Binocular combination of light in canonical and non-canonical pathways

Humans possess two forward-facing eyes allowing combination of individual images to form a cyclopean representation of the world. Image quality is determined by the amount of light hitting the retina, regulated by the pupils. The anatomical pathways behind binocular combination and that regulate pupil size are well understood. Many studies have investigated how the brain combines information across the eyes: for spatial patterns, visual areas implement ‘ocularity invariance’, which equalises monocular and binocular responses. However, not much is known about the computational processes that regulate binocular combination of the pupil response. This was the main aim of this thesis: to investigate and understand the rules of binocular combination in the cortical pathways (the visual cortex) and the subcortical pathways that govern the pupil diameter.

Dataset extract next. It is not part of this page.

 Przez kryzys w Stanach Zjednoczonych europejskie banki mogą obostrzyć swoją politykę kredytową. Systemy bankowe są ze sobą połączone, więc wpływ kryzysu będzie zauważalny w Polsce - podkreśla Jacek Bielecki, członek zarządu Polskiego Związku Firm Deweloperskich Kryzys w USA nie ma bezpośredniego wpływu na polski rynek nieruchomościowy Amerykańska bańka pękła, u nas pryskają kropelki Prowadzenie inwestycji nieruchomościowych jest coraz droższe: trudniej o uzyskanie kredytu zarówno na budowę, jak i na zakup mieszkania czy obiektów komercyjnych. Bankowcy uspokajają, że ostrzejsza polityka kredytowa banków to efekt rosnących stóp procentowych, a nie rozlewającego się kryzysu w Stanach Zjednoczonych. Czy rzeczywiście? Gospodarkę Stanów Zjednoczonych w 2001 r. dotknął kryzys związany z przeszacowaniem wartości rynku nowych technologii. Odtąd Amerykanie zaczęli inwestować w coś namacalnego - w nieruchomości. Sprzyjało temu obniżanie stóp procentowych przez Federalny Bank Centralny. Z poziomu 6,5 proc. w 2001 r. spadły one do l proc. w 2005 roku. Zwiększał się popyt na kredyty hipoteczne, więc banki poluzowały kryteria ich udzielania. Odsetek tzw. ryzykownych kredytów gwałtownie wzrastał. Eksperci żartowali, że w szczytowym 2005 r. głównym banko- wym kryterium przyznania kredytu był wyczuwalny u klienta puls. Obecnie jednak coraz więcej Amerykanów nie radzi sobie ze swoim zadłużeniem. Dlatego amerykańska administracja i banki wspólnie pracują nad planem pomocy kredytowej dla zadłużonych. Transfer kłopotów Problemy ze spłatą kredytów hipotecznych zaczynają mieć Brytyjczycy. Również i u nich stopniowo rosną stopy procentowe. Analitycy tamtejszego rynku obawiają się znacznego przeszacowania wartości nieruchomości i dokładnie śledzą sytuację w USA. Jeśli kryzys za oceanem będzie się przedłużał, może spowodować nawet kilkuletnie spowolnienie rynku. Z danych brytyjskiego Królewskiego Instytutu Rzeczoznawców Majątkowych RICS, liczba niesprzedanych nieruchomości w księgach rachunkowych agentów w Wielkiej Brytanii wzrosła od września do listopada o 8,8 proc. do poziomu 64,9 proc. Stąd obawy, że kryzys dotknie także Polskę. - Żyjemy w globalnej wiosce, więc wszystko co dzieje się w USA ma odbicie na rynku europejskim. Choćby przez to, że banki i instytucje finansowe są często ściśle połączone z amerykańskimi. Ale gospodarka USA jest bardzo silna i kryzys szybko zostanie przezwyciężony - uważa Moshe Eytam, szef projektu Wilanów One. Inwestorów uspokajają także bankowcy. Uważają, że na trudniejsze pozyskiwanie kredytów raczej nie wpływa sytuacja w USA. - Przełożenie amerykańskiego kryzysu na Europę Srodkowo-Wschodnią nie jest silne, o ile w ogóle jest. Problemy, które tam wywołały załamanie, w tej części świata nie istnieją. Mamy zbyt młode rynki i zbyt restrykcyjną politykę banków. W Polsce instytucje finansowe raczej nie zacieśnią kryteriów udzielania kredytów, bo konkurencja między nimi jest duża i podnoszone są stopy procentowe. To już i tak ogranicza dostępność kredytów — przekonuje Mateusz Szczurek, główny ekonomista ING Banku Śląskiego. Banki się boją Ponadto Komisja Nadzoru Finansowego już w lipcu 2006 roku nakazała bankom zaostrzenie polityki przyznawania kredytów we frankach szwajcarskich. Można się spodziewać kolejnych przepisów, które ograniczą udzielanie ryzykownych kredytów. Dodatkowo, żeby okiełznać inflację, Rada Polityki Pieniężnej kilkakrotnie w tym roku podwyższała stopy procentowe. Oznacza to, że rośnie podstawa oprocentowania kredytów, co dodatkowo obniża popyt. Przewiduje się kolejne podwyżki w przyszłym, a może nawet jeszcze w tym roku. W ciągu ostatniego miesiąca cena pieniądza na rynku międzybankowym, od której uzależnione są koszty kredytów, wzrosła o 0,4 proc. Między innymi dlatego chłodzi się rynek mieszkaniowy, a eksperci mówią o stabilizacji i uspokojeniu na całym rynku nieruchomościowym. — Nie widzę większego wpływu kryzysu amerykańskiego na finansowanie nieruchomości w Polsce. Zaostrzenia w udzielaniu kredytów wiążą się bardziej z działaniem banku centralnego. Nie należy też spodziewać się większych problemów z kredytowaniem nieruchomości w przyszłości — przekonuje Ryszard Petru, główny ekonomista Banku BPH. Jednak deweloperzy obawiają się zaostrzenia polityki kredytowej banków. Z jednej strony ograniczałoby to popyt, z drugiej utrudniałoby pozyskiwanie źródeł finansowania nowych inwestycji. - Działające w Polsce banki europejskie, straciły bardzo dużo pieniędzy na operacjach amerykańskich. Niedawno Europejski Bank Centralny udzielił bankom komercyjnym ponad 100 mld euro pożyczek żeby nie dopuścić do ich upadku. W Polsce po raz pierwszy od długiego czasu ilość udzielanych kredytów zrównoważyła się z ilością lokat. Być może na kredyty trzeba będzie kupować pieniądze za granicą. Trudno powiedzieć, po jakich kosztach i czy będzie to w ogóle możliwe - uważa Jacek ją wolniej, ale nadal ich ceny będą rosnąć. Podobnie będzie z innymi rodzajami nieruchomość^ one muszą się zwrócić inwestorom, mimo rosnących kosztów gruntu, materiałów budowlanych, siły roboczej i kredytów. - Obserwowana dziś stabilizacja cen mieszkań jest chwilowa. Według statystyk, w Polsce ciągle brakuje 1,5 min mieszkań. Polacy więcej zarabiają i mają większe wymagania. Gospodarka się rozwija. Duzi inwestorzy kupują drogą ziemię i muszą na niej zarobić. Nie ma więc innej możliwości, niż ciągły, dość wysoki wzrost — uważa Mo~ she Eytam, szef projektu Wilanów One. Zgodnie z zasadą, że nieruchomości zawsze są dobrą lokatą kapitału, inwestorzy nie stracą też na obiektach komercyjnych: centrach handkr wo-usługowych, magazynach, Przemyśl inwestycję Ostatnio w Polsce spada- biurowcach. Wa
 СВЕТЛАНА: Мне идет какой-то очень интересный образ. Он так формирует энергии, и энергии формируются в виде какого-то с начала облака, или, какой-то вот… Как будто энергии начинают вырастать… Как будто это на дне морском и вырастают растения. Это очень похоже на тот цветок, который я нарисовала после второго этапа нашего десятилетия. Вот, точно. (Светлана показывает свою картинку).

In Chapter 2, a novel combination of EEG, pupillometry, psychophysics, and computational modelling was used to investigate if this invariance is implemented for luminance flickering stimuli. The results show violations of ocularity invariance in the cortex, with strong facilitation of binocular signals, and in the subcortical pathways governing pupil diameter, where non-linear combination was observed. In Chapter 3, these findings were expanded using fMRI to investigate where, within the visual cortex, this facilitation happens. Facilitation was observed mainly in V1 but not as strong as for EEG (likely due to the different nature of EEG and fMRI recordings). Finally, in Chapter 4, silent substitution and pupillometry were used to investigate binocular combination while targeting the intrinsically-photoreceptive retinal ganglion cells, the L-M and the S-(L+M) pathways. The results showed non-linear combination in all pathways but with differences in interocular suppression levels.

The studies undertaken in this thesis contribute to the wider understanding of binocular combination of light signals and provide methodological developments (simultaneous EEG and pupillometry) that can benefit researchers interested in binocular combination disorders (e.g. amblyopia).